The elegiac Deer Hunter tips Coppola’s Apocalypse..

(these views originally appeared on WiTD not too long ago)
deer hunter
My favorite Vietnam film continues to be Deer Hunter but I have a great weakness for Apocalypse Now. I also agree that the ‘Redux’ version is better. Of course with the footage Coppola has several different films could be fashioned! Harold Bloom once suggested that despite the popularity of the work there was something ‘obscurantist’ about Conrad’s Heart of Darkness, a sentiment I am in profound agreement with. In some ways Coppola’s work makes Heart of Darkness clearer by amplifying on the Kurtz character (and adding some T S Eliot in the bargain!) though it is still not completely free of such a blemish. Also there are tonal inconsistencies in the work. But Coppola definitely creates an authentic world. The finer ‘heart of darkness’ and stronger work about the ‘white man’s burden’ might be Herzog’s magnificent Fitzcarraldo.

The reason I prefer Deer Hunter despite the obvious strengths of the Coppola in many ways is because the former does a better job on contextualizing Vietnam to my mind. Apocalypse could have been a film about any war but the Deer Hunter could only have been one about the American experience of Vietnam. Even though the Cimino doesn’t contain much pure war footage there is a very moving ‘before and after’ to these segments which also refracts this conflict in very ‘American’ ways. The camaraderie represented in the initial portions [the ‘I love you baby‘ from (Frank Valli’s ‘Can’t take my eyes off you‘) refrain moment is to my mind one of the sublime ones in American cinema], the aftermath with Walken becoming totally unhinged, the psychedelic reality of Saigon and so forth. War in some ways appears much more ‘absurd’ in this film because this group of friends know nothing about this place they’re being sent off to. And it is appropriate that we don’t get a war with a narrative but just some scattered scenes and then those central torture moments. It’s disorienting and it seems to me that this is a truer representation in some ways than Coppola’s more ‘Homeric’ attempt. Don’t mean to knock Coppola here. Apocalypse is one of my favorite American films. The other thing about Deer Hunter is that it is a remarkable elegy to a whole way of life. ‘GM’ is so much in the news this year and the characters of that film in that particular town really represent the ‘GM’ side of American life.
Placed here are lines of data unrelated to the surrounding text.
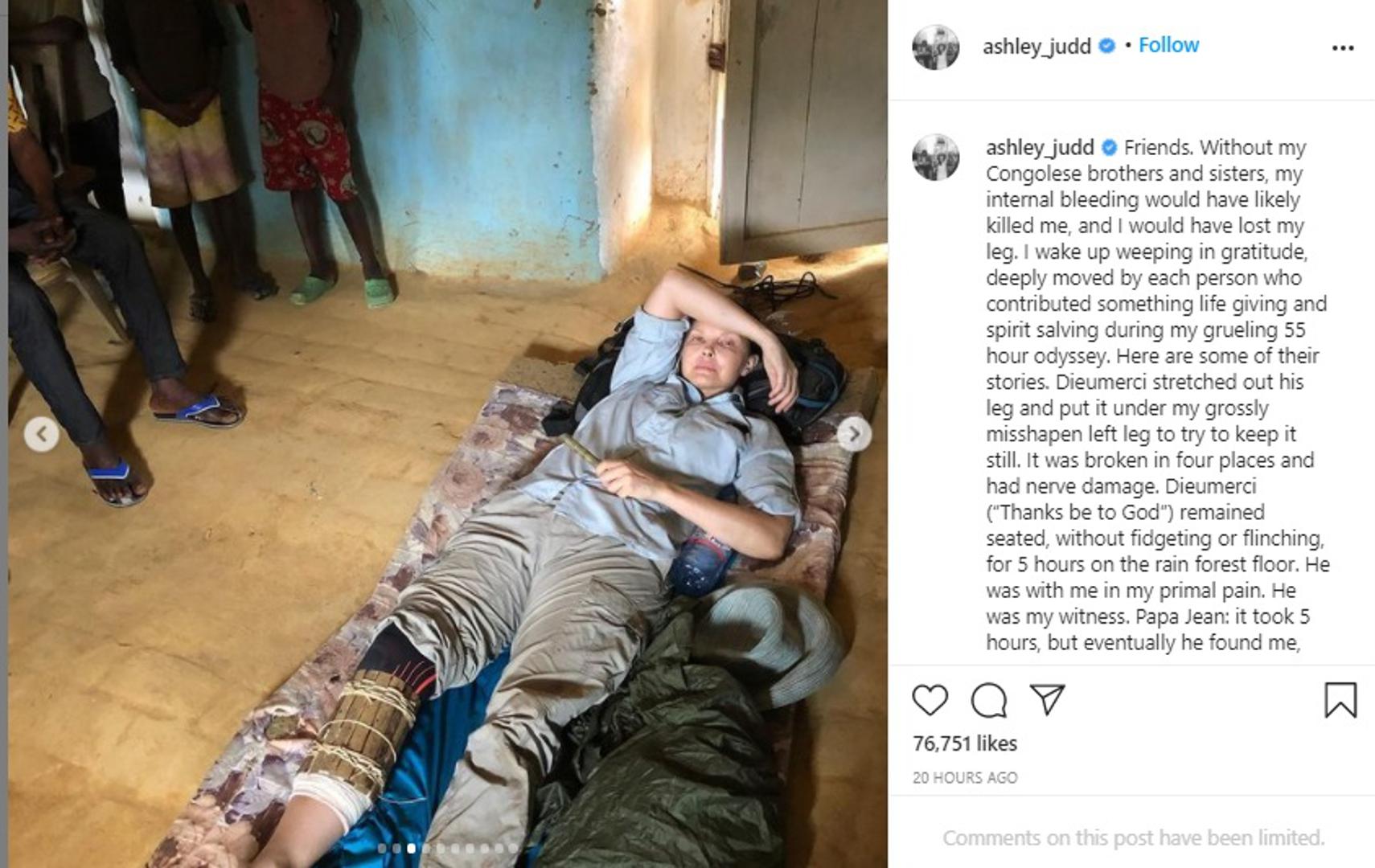 "Prijatelji. Bez moje braće i sestara iz Konga, moje unutarnje krvarenje vjerojatno bi me ubilo i izgubila bih nogu.Budim se plačući u znak zahvalnosti, duboko dirnuta svakom osobom koja je doprinijela nečemu što je dalo život i spasilo duh tijekom moje iscrpljujuće 55-satne odiseje ", rekla je u svojoj objavi na Instagramu.
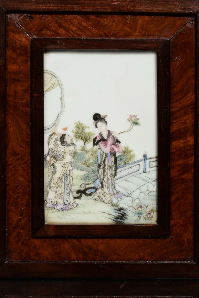 Coppia di placche in porcellana policroma raffigurante scene con figure orientali, Cina, Dinastia Qing, Periodo Yongzheng [..]
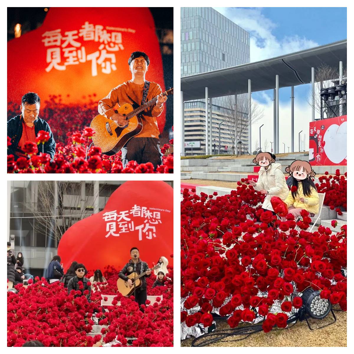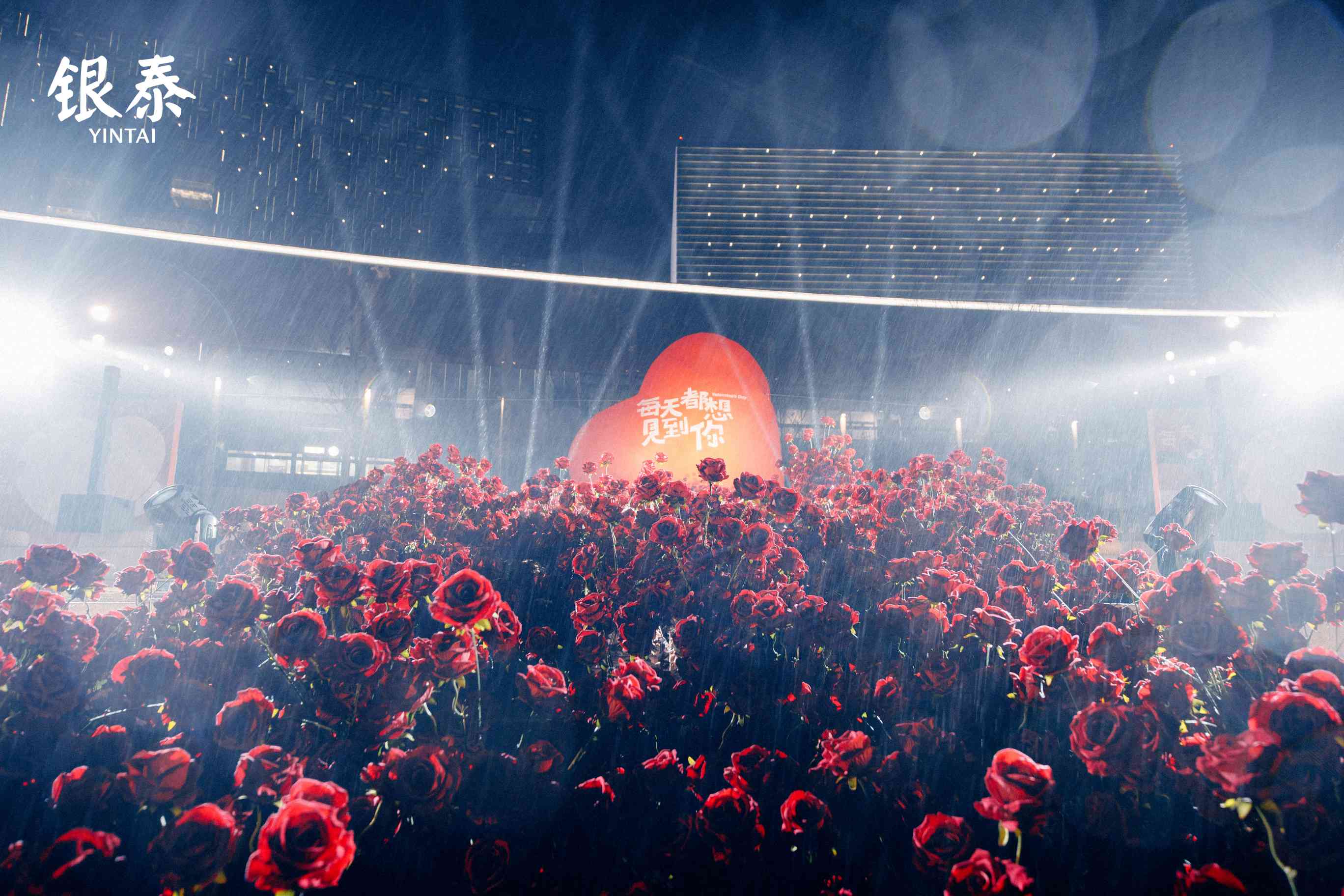 在鄭州北龍湖金融島,還在籌備期的鄭州銀泰項目,舉辦了“每天都想見(jiàn)到你”的主題音樂(lè )會(huì ),還有震撼的玫瑰瀑布鋪陳在一級一級的大臺階上。
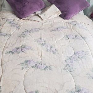 A reversible Twin bed Comforter from The Bay. Larger lavender and beige Floral pattern front, small lavender Floral pattern back. Comes with 1 large pillow case.

A certain post-WWII reality that has been in eclipse for a very long time.

4 Responses to “The elegiac Deer Hunter tips Coppola’s Apocalypse..”

  1. Re: “The finer ‘heart of darkness’ and stronger work about the ‘white man’s burden’ might be Herzog’s magnificent Fitzcarraldo.”

    I cannot agree enough with this, and of course one thinks of “Moby Dick” along with “Heart of Darkness” here.

    Re: “Apocalypse could have been a film about any war…”

    That is precisely what I find troubling about this monumental, and monumentally flawed, achievement. “Apocalypse Now” re-inscribes a colonial problematic in the heart of the war film, that is to say Vietnam here is simply the site for the self-discovery, the inner journey, of its American protagonists (principally the characters played by Sheen and Brando). It is not so much that the Vietnamese are absent from the film, as that they are irrelevant — this film could have been set anywhere, in any “third world country”, and that indifference to local context, hearkens to the narcissistic colonialism of the settlers who always saw land as “empty”…


  2. Loved this note Satyam but wish you would have written more on the Cimino film. The Deer Hunter is my single most favourite hollywood movie. And i was ecstatic to find the poster of the film in the dead actor’s house in Talaash (in the scene where Aamir goes to the actor’s house to inform and inquire her wife regarding the death). There is also a poster of Eraserhead there and I strongly feel that Reema Kagti was somewhere inspired by themes of both films but particularly that of The Deer Hunter. A correspondence could be established between the motifs and the central protagonists of both films- both movie are about ‘closure’. as in about closing the chapters in life and trying to move on. They are also about the catharsis that precedes the closure. Deer Hunter has soldiers accepting their defeat by dehumanizing their enemy. It was about how they adjust to failure and handle the self blame. In Talaash too, the principal protagonist is coping up with self blame and somehow finds a solution. And then there is the theme of ‘disillusionment’ common to both films

    When I first saw The Deer Hunter I found it emotionally shattering. And to my mind it is the greatest epic film in Hollywood after The Godfather.


    • thanks for this great note Saurabh. I too have a great weakness for Deer Hunter. I don’t think as highly of the film (though it is of course an important work) as I find it affecting. Find the director’s Heaven’s Gate much more interesting though it’s also a flawed work.